Hacking Alone

I was powerfully struck by an article I read a few months back in The Atlantic Monthly (April 1996). Entitled "Kicking In Groups", it considered the thesis of an article by Robert Putnam (a professor of government at Harvard) called "Bowling Alone", and some of the studies that came before it.

The story starts in 1958 when sociologist Edward Banfield studied the difference between the poverty-stricken and backward villages in the southern tip of Italy and the comparatively prosperous and advanced north. Banfield's conclusion was that the culture of the south ran contrary to members of society banding together to act for the common good. Instead, they were oriented towards "Maximize the material, short-run advantage of the nuclear family: assume all others will do likewise". They were more competitive than cooperative - and poorer for it.

Robert Putnam's "Bowling Alone" article built on this to show that the roots of the difference go back to 1100 when the north, never knew the centralized, autocratic, vertical-power-structure rule of Normans, and instead had small autonomous republics for many centuries. While the southerners lived in a hierarchical society, with every family dependent on the patronage of landowners and bureaucrats, the northerners depended on one another for work, for help, for money; they formed hundreds of low-level, horizontal-bond organizations such as guilds and credit associations that built mutual trust instead of competition.

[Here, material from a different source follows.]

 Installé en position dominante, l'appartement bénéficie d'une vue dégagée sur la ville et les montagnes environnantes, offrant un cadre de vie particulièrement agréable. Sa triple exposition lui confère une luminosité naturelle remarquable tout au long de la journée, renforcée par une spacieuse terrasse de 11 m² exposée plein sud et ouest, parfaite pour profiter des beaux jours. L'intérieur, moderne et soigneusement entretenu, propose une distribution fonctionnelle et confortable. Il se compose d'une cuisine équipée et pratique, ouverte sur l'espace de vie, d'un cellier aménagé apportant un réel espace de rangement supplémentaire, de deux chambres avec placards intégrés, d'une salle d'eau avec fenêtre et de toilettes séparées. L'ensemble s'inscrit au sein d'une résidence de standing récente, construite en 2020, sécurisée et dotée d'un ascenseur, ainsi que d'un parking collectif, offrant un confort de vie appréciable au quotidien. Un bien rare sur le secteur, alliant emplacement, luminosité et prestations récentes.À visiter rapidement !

He wrote "Good government in Italy is a by-product of singing groups and soccer clubs."

This established, Putnam turned to the United States in the 20th century and did not like what he saw. The title comes from his statistics that show such organizations as bowling leagues, church membership and union membership, have been declining for decades - and the numbers of individual bowlers increasing.

The Atlantic Monthly review went on to take issue with Putnam, arguing that the statistics mostly show that the 20th century has seen most people move from small towns and farms into big cities - but that is another story. What struck me was the similarity to what most old-timers see happening to the Net and the computing community in general.

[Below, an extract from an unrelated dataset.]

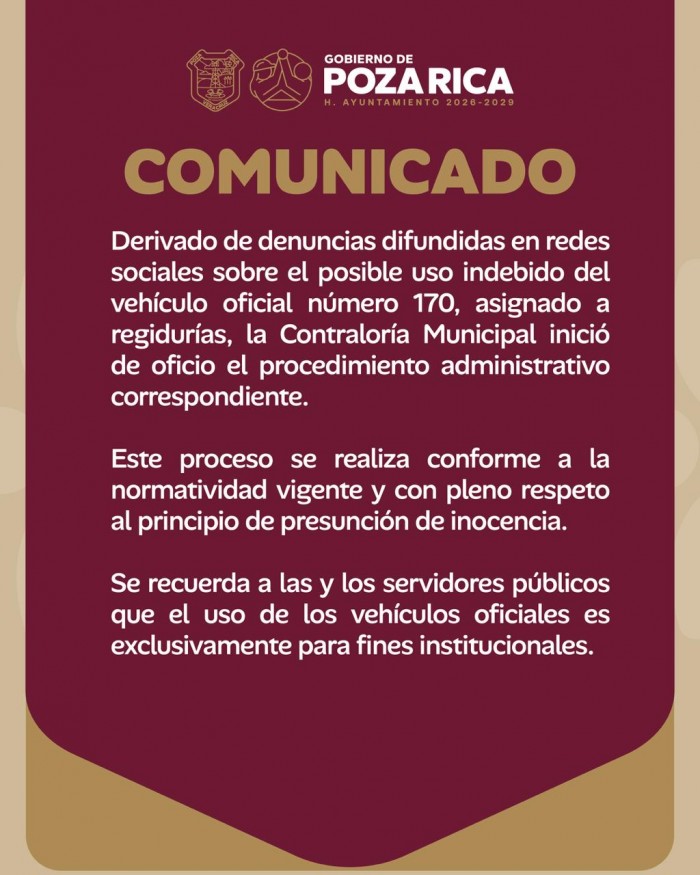 Poza Rica, Ver.- (AVC) El Gobierno de Poza Rica informó que la Contraloría Municipal inició un procedimiento administrativo por el posible uso indebido de un vehículo oficial, tras denuncias difundidas en redes sociales.

Since the machines were invented, people have tended to band together for the common good of all computer users. Academic conferences did not exist to charge CEO's $1500 to attend, and certainly not to generate copyrighted content that costs $500 to remove from shrinkwrap; the proceedings were available in libraries. The whole point of every SIG, from the Homebrew Computer Club of the 70's to CUUG today, is to get together to share knowledge, share work, and also to enjoy like-minded company and knock back a few brews. Cooperation, not competition.

The Net took this tendency, gave it a turbocharger and a fistfull of steroids - and an unlimited long-distance card. USENET extended the spirit of SIGs from mere computing problems to everything from how to make perfect lasanga to how to mend a broken heart.

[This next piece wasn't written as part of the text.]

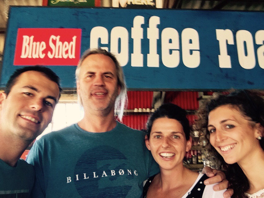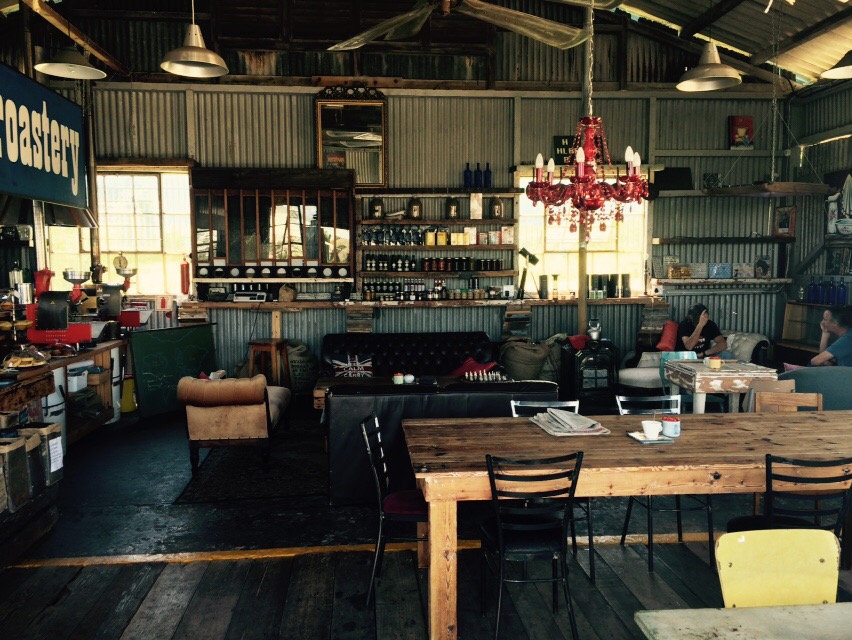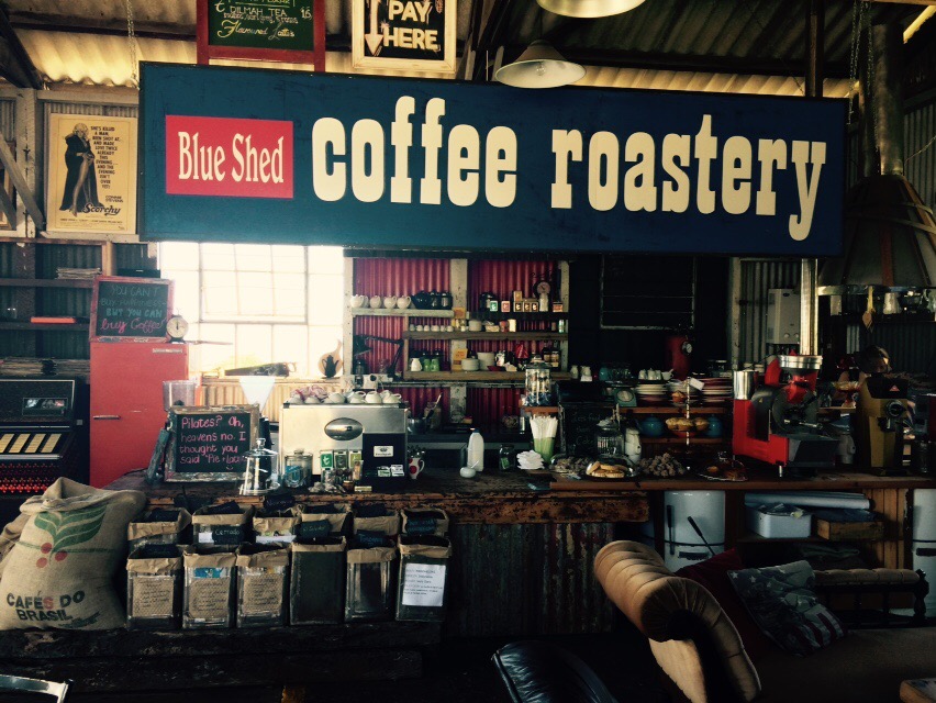 Entriamo nel “blue shed coffee roastery”, un capannone adattato a bar, sacchi di caffe per poter scegliere direttamente i chicchi del proprio espresso, spezie, torte ed un arredamento folle tra eliche di aerei e mobili in legno, quel misto tra usato e stile industriale che sembra una accozzaglia ma in realtà se lo guardi bene é studiato nei minimi dettagli ed é una figata.

As soon as the Net appeared on government and corporate radar, they immediately dismissed this activity as amateur play and began asking what important things could be done with it. Important things, of course, involved the flow of money, preferably large amounts of it.

Tell me, when you hear "Telephone system", do you think "Ah, yes, that tool that exists so I can call 800 numbers and buy things"? Of course not. It was built so that people could talk to each other.

A few wish to buy things from each other, and indeed, your phone bill might double without the commercial users; but it would exist nonetheless, so you can call Aunt Martha on her birthday.

I have no more problem with the proposed commercial uses of the Net than I do with commercial users of telephones; but just as the first eighty years of widespread phone service had a government-imposed rate structure that made commercial users subsidize such worthwhile societal goals as encouraging rural users and home users, so should the next decade or three of the Net.

By far the greater value to society -albeit one that doesn't show up in accountant's dollar figures- of the Net is as a public library and forum for personal connection and discourse. Just as good government in Italy for nine hundred years owed a debt to singing and sports clubs, a better society for all of us can come from clubs like CUUG that mostly meet in cyberspace.

Like the people of northern Italy, we find a sense of trust and reliance upon one another; people to turn to with problems, people who can find you resources, opportunities for work, people to share your trials and your triumphs.

The hierarchical structures that the Norman conquerors imposed on southern Italy mostly seem to have served the few people at the top of the structure, rather than society in general. I think about that a lot when I see a very few corporations shaking out as the providers of software, services, and entertainment content on the Net.

Editorial writers do a lot of "viewing with alarm". In the big papers, they View With Alarm the crime rate and the federal deficit. I View With Alarm the wavering interest in CUUG SIG activities and the tiny percentage of members that work at developing new CUUG services and systems.

What can you do if you agree? Well, you can keep an eye on the cuug.* newsgroups, and for crying out loud, if you can answer a question, do so! If you have one to ask, try us first rather than commercial support. Better yet, look for an interest of yours that doesn't seem to be served and try starting a group or a web site to serve it. And, especially, you can call Scott Barker about helping out with the projects of the new CUUG membership committee, or call me about doing an article for the newsletter.

Or at least, go join a bowling league.